While he gave up a DH who wasn't the David Ortiz we now see in a Sox uniform (Big Papi hit .272 with 20 homers and 75 RBIs in 2002), he more than made up for it with another move or two. Think the Giants are kicking themselves for acquiring catcher A.J. Pierzynski from the Twins for Francisco Liriano, Joe Nathan, and Boof Bonser a year later? Probably.

Watching the game from the press box last night, Ryan probably digested his meal pretty well while watching his own MVP candidate, Justin Morneau, go 5 for 5 with an RBI and two runs. Ortiz, who was sick with the flu, went 0 for 5 with three strikeouts, including one against closer Nathan to end the game. Ortiz remains one home run shy of Jimmie Foxx's team record of 50.

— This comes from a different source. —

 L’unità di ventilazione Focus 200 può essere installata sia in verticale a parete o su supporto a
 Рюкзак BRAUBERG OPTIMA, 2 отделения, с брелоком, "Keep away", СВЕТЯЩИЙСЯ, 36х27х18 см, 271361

Morneau put on a hitting clinic to raise his average to .326, stroking a pair of doubles among his five hits, which were scattered around the ballpark.

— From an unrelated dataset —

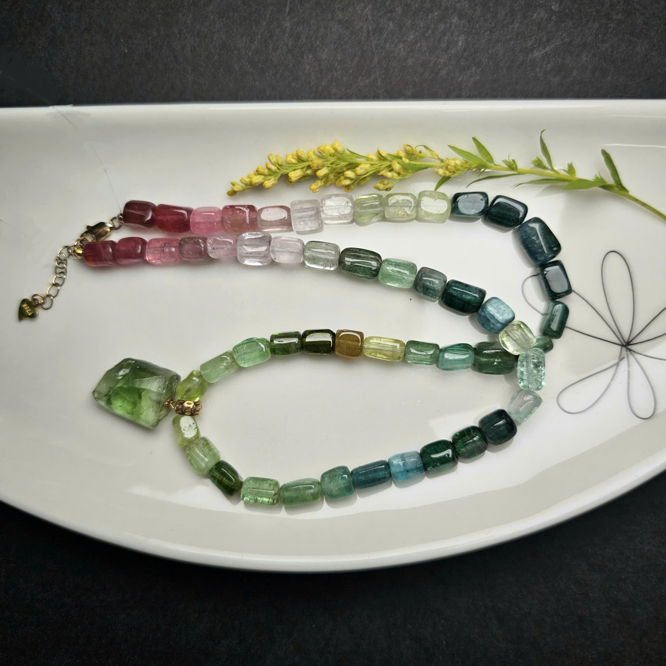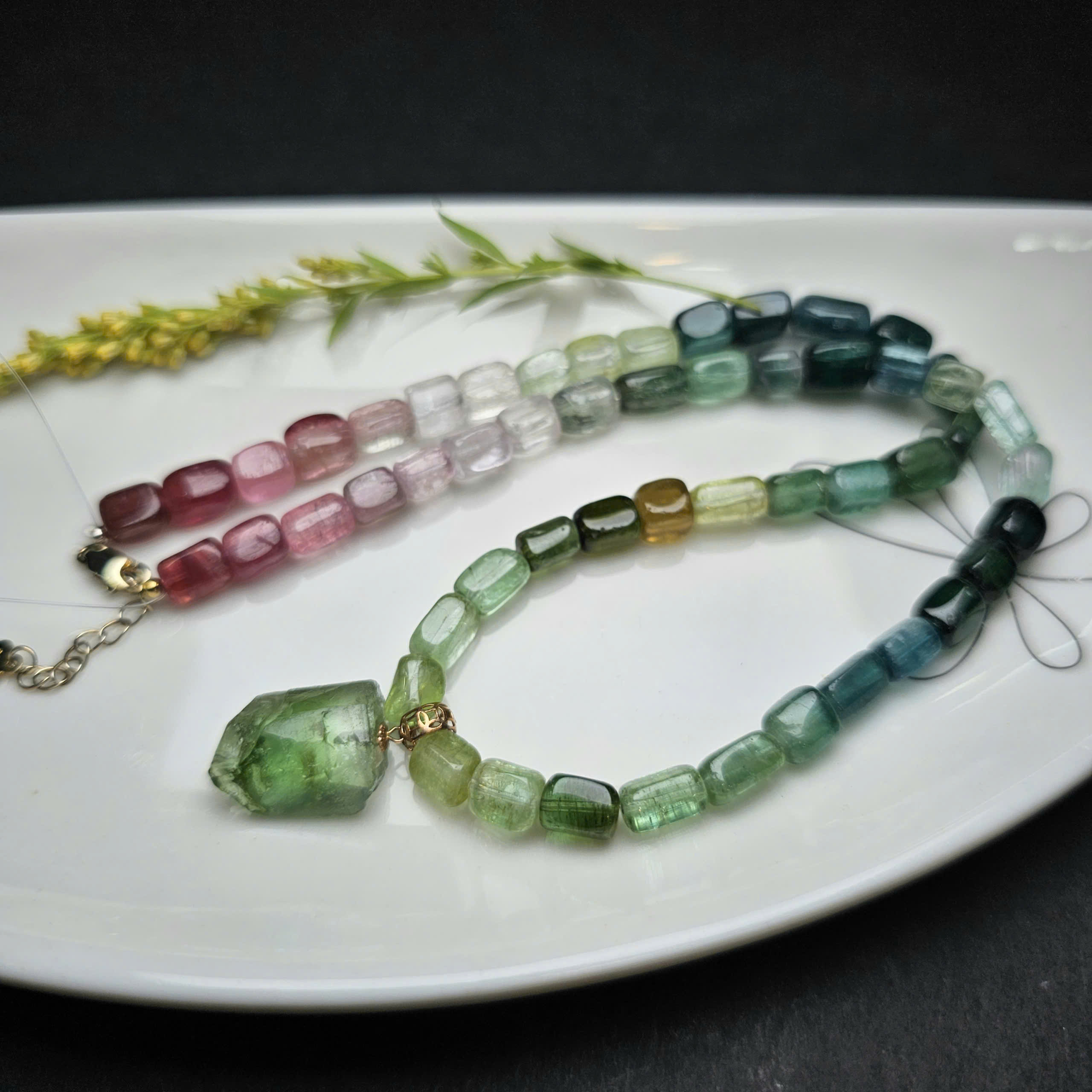 Chuỗi cổ kèm mặt dây Tourmaline. Mặt dây vàng 18k

``It seemed like I came up there and had a chance" Morneau said. ``Especially in that last at-bat [an RBI double in the ninth]. I walk up there and [Doug] Mirabelli's trying to jinx me.

``Walked up to the plate, got in the box, and he said, `You ever had five hits in a game?' I just looked at him and said, `You just had to do that, didn't you?' I started laughing and he was laughing. He said, `I've got to try something.' Then, I got a hit. Made me smile. Pretty superstitious."

Torii Hunter, who hit a two-run homer off Tim Wakefield in the third inning to make it 6-0, lauded, ``Five for five. He was Ichiro today. One RBI, 5 for 5. He was a big Ichiro."

Morneau is the kind of player who helps make up for the fact that Big Papi was let go.

``David is a heck of a guy, and I know he wasn't too happy with me when I called him to tell him the bad news," said Ryan. ``He was very happy being with our group of guys. He wanted to stay with that group."

Ortiz seemed looser than he had been in days, relieved to be out of New York, where he avoided reporters all weekend after his infamous comments about Derek Jeter and the MVP award.

Asked if he was glad to be out of New York, he said, ``Hell, yeah!"

Though he was feeling ill, Ortiz was willing to speak after a tough night at the plate, mostly against rookie Matt Garza.

Asked if he were pressing so he could hit the milestone homers at home against his former team, Ortiz said, ``I swung at strikes. I chased one pitch that was a ball."

Ryan would love to have Ortiz in a lineup with Morneau, Joe Mauer, and Hunter. But, in retrospect, he said Ortiz was approaching arbitration eligibility, and his salary ($950,000 in 2002) was starting to rise for a DH who had good production but not MVP-type numbers.

``I do think that Fenway was a better ballpark for him than the Metrodome," said Ryan. ``He was hitting a lot of fly balls to the warning track at the Metrodome. But having said all that . . ."

Besides Hunter's homer, the No. 9 hitter, shortstop Jason Bartlett, slammed a rare Wakefield fastball (74 miles per hour, on a 1-and-2 count) into the Monster seats for a three-run homer in the second inning to top off an eight-pitch at-bat. Rondell White had singled in Morneau with the first Twins run earlier in the inning.

The Sox began a modest comeback in the fifth and sixth innings, scoring three runs on an Alex Gonzalez sacrifice fly in the fifth and run-producing hits by Eric Hinske and Mirabelli in the sixth.